------ RECORD EXTRACTS

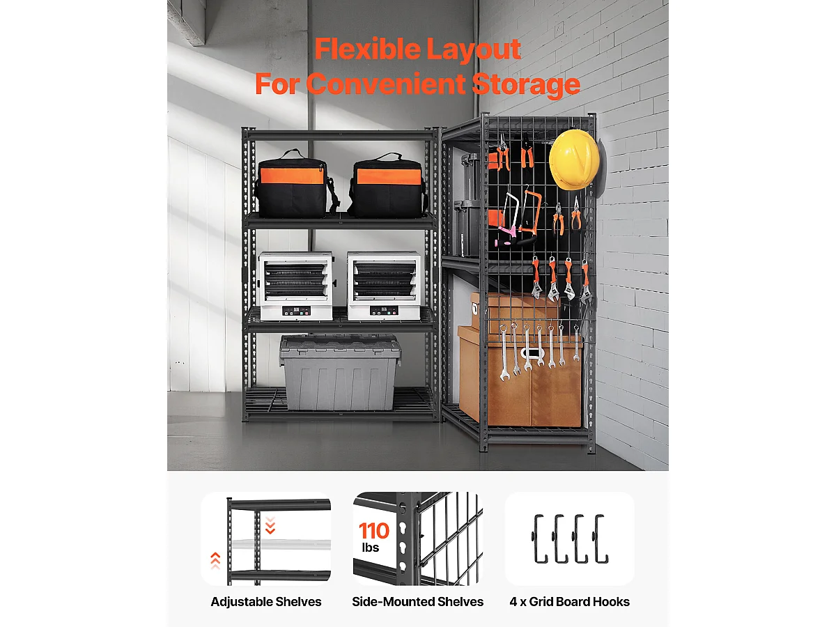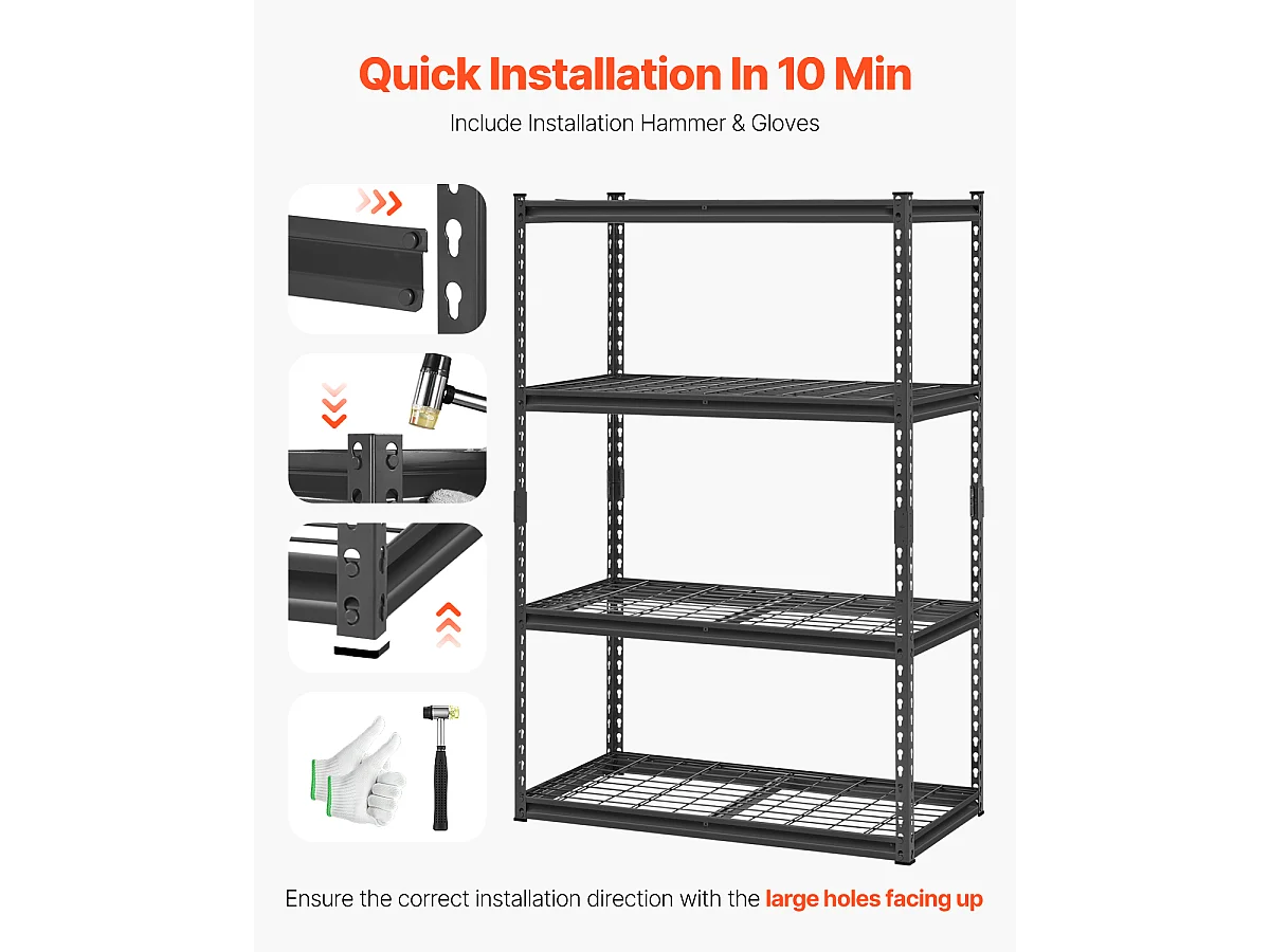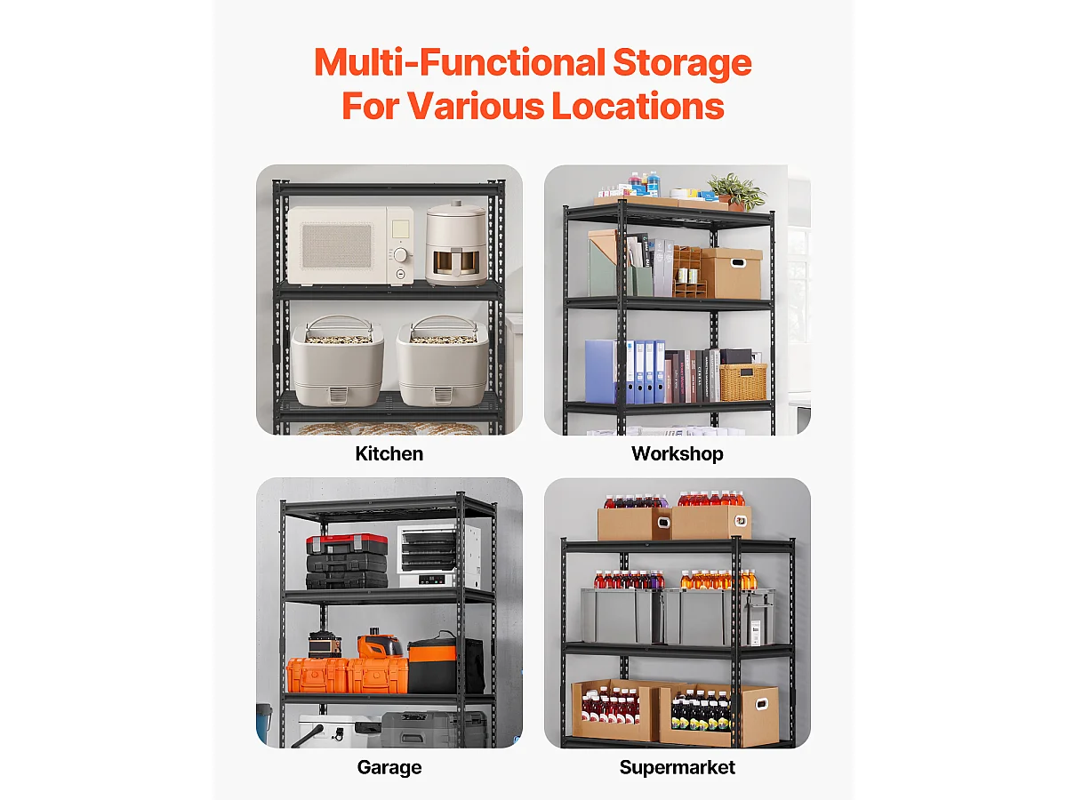 Sterke Verstelbare Opbergplanken SucceBuy met 4 Niveaus, 1088 kg, van SPCC-Koolstofstaal, voor Keukens, Garages
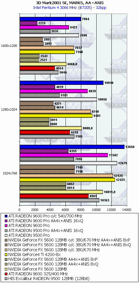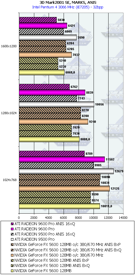 Подводя итоги тестирования в 3DMark2001SE, мы свидетельствуем, что несмотря на столь высокие частоты, RADEON 9600 PRO в большинстве тестов проиграл.
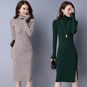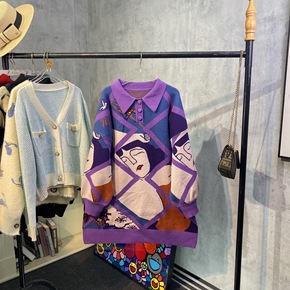 秋冬新款复古撞色条格卡通头像慵懒风针织连衣裙毛衣中...
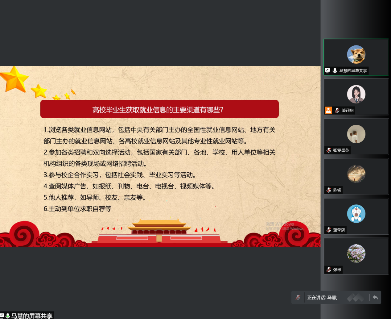 会上,徐朵、张静雯、代庭冲三位同志从考录选调生、考取公务员、事业单位招聘、就职国企央企等四个角度,围绕马克思主义专业对口的就业机会类型、获取就业信息的渠道、获取就业复习资料的途径、就业应具有的技能或修养、面试时的技巧、有效协调毕业论文写作和找工作的冲突、考博的复习和准备等几个方面,为我们分享了求职就业的心得体会和宝贵经验。此外,为帮助大家更好的了解云南省的就业政策,马慧同志还带头学习了《云南省促进高校毕业生就业创业政策100问》,整体学习效果良好。
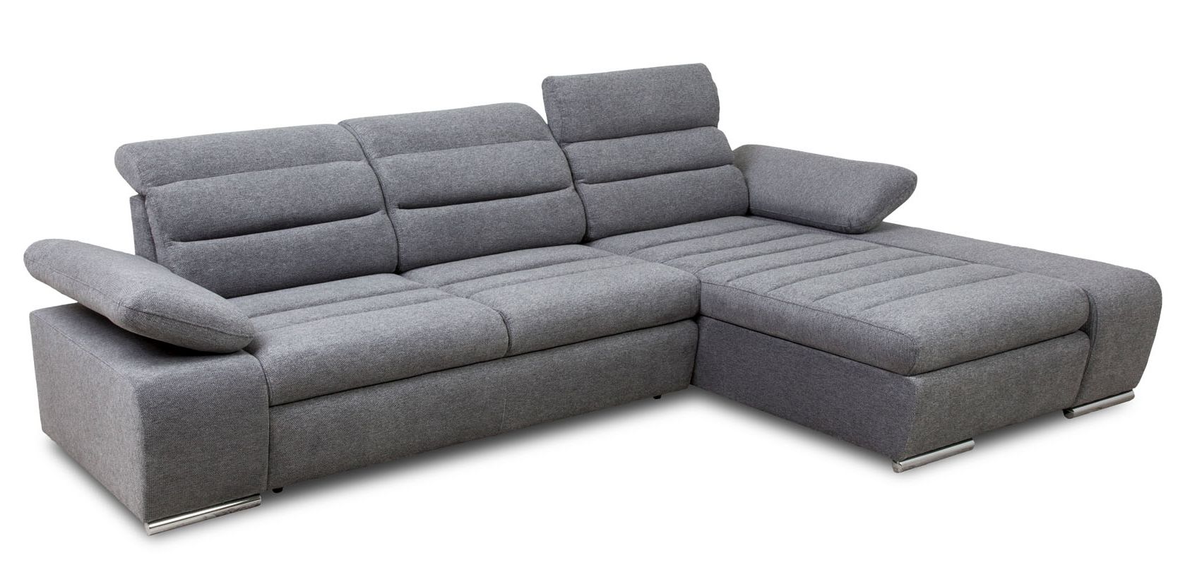 W siedzisku narożnika zastosowano sprężyny faliste, bonell oraz piankę HR3532, co gwarantuje optymalne wsparcie dla ciała podczas siedzenia i spania. Trzy ruchome zagłówki oraz ruchome podłokietniki dodatkowo podnoszą komfort wypoczynku, umożliwiając dostosowanie mebla do własnych potrzeb i preferencji. Innowacyjny sposób rozkładania delfin gwarantuje łatwość i szybkość transformacji narożnika w wygodne łóżko.
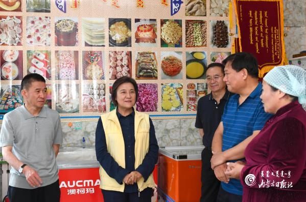 我區(qū)民族特色奶制品具有很大的發(fā)展?jié)摿?。在新巴爾虎左旗娜仁薩其爾巴爾虎奶食品加工基地,布小林考察產(chǎn)品種類、工藝流程、安全檢測、包裝銷售等方面的情況。得知基地被認(rèn)定為奶制品技藝培訓(xùn)教室和扶貧車間、主要安置建檔立卡貧困戶就業(yè)時,她對此給予肯定,鼓勵基地進(jìn)一步發(fā)揮引領(lǐng)帶動作用,積極探索特色化、標(biāo)準(zhǔn)化、品牌化發(fā)展路子,幫助更多貧困群眾增收致富。
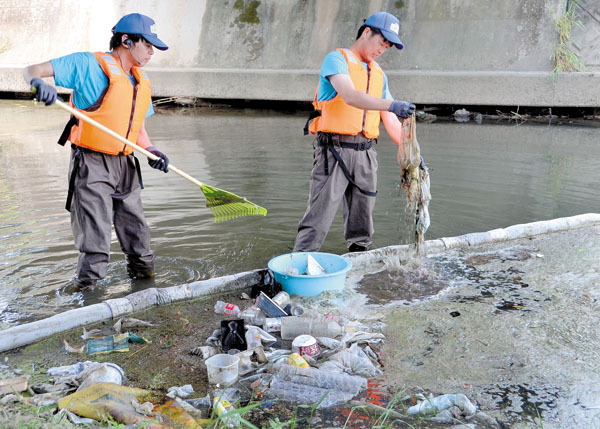 住民らは新河岸川沿い約500メートル区間で、ごみ拾いもした。城下・氷川町自治会の村田一男自治会長(75)は「すぐ上流部にせきがあるのに、これだけのごみが回収されるということは、投棄する人が絶えないということ」。星野高校社会福祉部3年の佐藤歩美部長(17)は「きょうの活動で海洋汚染に対する意識が高まった」と話していた。
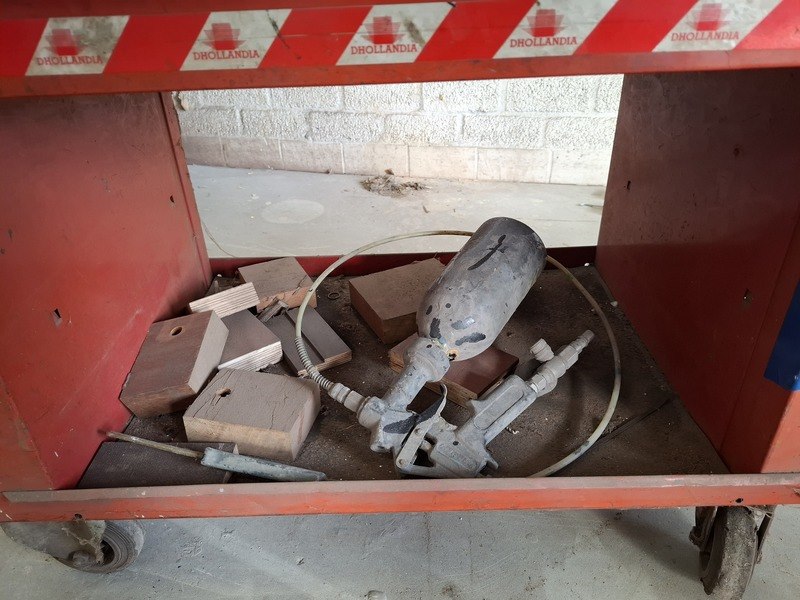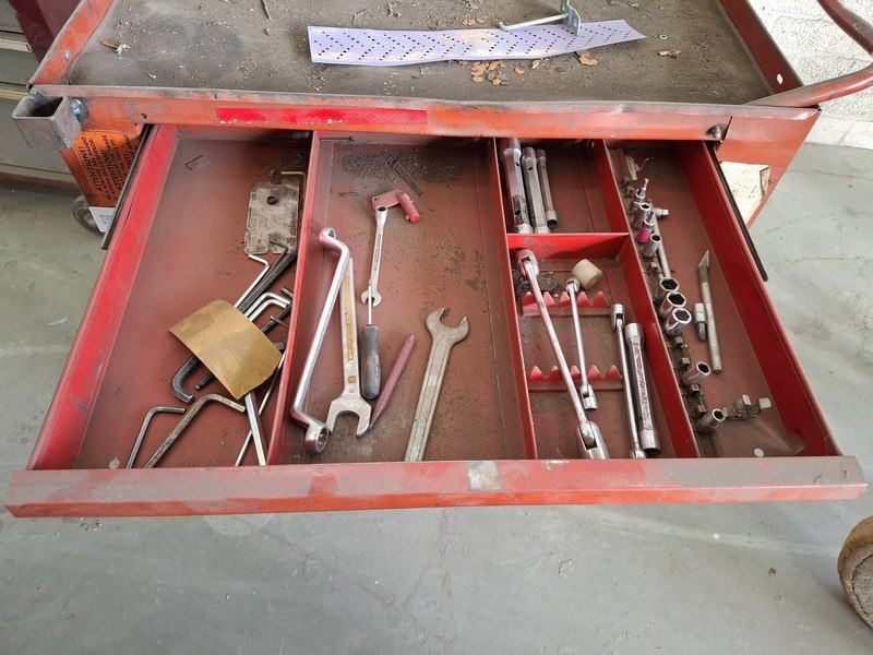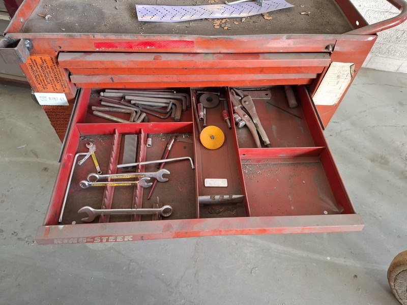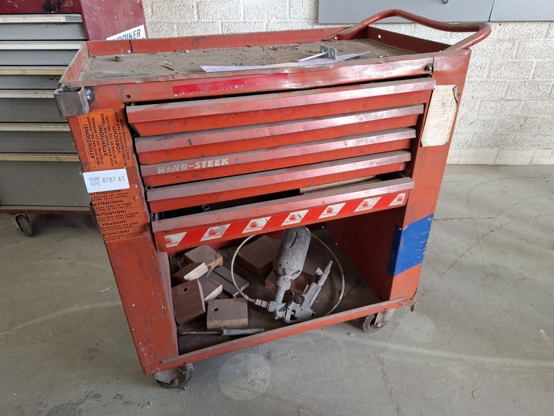 Product: Gereedschapswagen met inhoud Afmeting: afm. ca 80x46x84cm Specificaties: incl. diverse handgereedschap

------------

TO DO.
Starting with the line containing "秋冬新款复古撞色条格卡通头像慵懒风针织连衣裙毛衣中..." and ending with the last line of the records above, write out each line exactly; no pictures.

RESULT OF THE TASK.
 秋冬新款复古撞色条格卡通头像慵懒风针织连衣裙毛衣中...
 会上,徐朵、张静雯、代庭冲三位同志从考录选调生、考取公务员、事业单位招聘、就职国企央企等四个角度,围绕马克思主义专业对口的就业机会类型、获取就业信息的渠道、获取就业复习资料的途径、就业应具有的技能或修养、面试时的技巧、有效协调毕业论文写作和找工作的冲突、考博的复习和准备等几个方面,为我们分享了求职就业的心得体会和宝贵经验。此外,为帮助大家更好的了解云南省的就业政策,马慧同志还带头学习了《云南省促进高校毕业生就业创业政策100问》,整体学习效果良好。
 W siedzisku narożnika zastosowano sprężyny faliste, bonell oraz piankę HR3532, co gwarantuje optymalne wsparcie dla ciała podczas siedzenia i spania. Trzy ruchome zagłówki oraz ruchome podłokietniki dodatkowo podnoszą komfort wypoczynku, umożliwiając dostosowanie mebla do własnych potrzeb i preferencji. Innowacyjny sposób rozkładania delfin gwarantuje łatwość i szybkość transformacji narożnika w wygodne łóżko.
 我區(qū)民族特色奶制品具有很大的發(fā)展?jié)摿?。在新巴爾虎左旗娜仁薩其爾巴爾虎奶食品加工基地,布小林考察產(chǎn)品種類、工藝流程、安全檢測、包裝銷售等方面的情況。得知基地被認(rèn)定為奶制品技藝培訓(xùn)教室和扶貧車間、主要安置建檔立卡貧困戶就業(yè)時,她對此給予肯定,鼓勵基地進(jìn)一步發(fā)揮引領(lǐng)帶動作用,積極探索特色化、標(biāo)準(zhǔn)化、品牌化發(fā)展路子,幫助更多貧困群眾增收致富。
 住民らは新河岸川沿い約500メートル区間で、ごみ拾いもした。城下・氷川町自治会の村田一男自治会長(75)は「すぐ上流部にせきがあるのに、これだけのごみが回収されるということは、投棄する人が絶えないということ」。星野高校社会福祉部3年の佐藤歩美部長(17)は「きょうの活動で海洋汚染に対する意識が高まった」と話していた。
 Product: Gereedschapswagen met inhoud Afmeting: afm. ca 80x46x84cm Specificaties: incl. diverse handgereedschap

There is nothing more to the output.